Supplied material:

──────────────────────────────

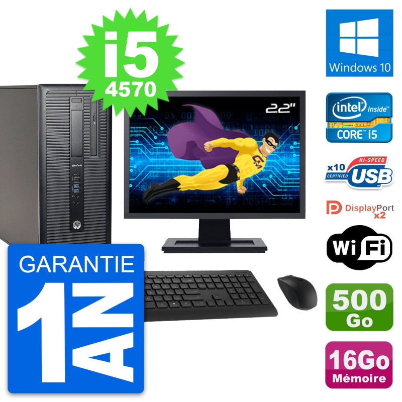 PC Tour HP 800 G1 Ecran 22" Intel i5-4570 RAM 16Go Disque 500Go Windows 10 Wifi
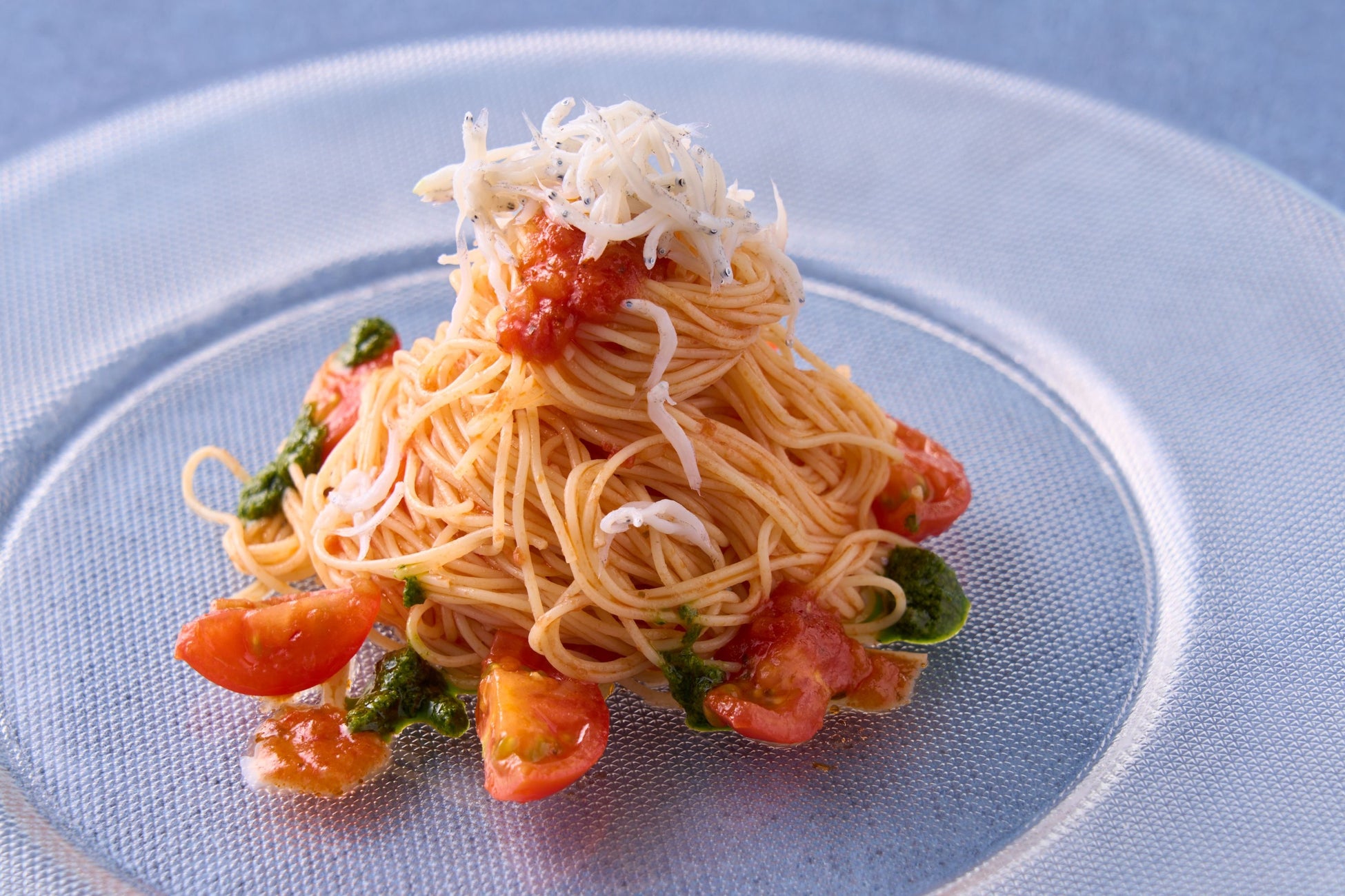 夏にぴったりの冷たいパスタを提供するのは「グランドメルキュール浜名湖リゾート&スパ」。天使の髪と言われる極細のパスタ、カッペリーニにオリーブオイルで和えた程よい酸味と甘みをたっぷり感じられる地元産トマト、しらすの塩気が絡み、暑い夏にもさっぱりとお召し上がりいただけます。九条ねぎの色味が目にも鮮やかな夏の暑さを忘れさせる涼しげなメニューをどうぞ。
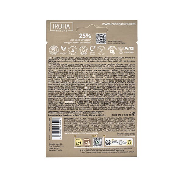 Los nuevos parches de ojos Cuidado Global de Iroha Nature ayudan a disminuir arrugas, bolsas y ojeras del contorno gracias a los activos que contiene.

──────────────────────────────

Problem: Would you retype every line shown above exactly, leaving the pictures aside?

Task solution:
 PC Tour HP 800 G1 Ecran 22" Intel i5-4570 RAM 16Go Disque 500Go Windows 10 Wifi
 夏にぴったりの冷たいパスタを提供するのは「グランドメルキュール浜名湖リゾート&スパ」。天使の髪と言われる極細のパスタ、カッペリーニにオリーブオイルで和えた程よい酸味と甘みをたっぷり感じられる地元産トマト、しらすの塩気が絡み、暑い夏にもさっぱりとお召し上がりいただけます。九条ねぎの色味が目にも鮮やかな夏の暑さを忘れさせる涼しげなメニューをどうぞ。
 Los nuevos parches de ojos Cuidado Global de Iroha Nature ayudan a disminuir arrugas, bolsas y ojeras del contorno gracias a los activos que contiene.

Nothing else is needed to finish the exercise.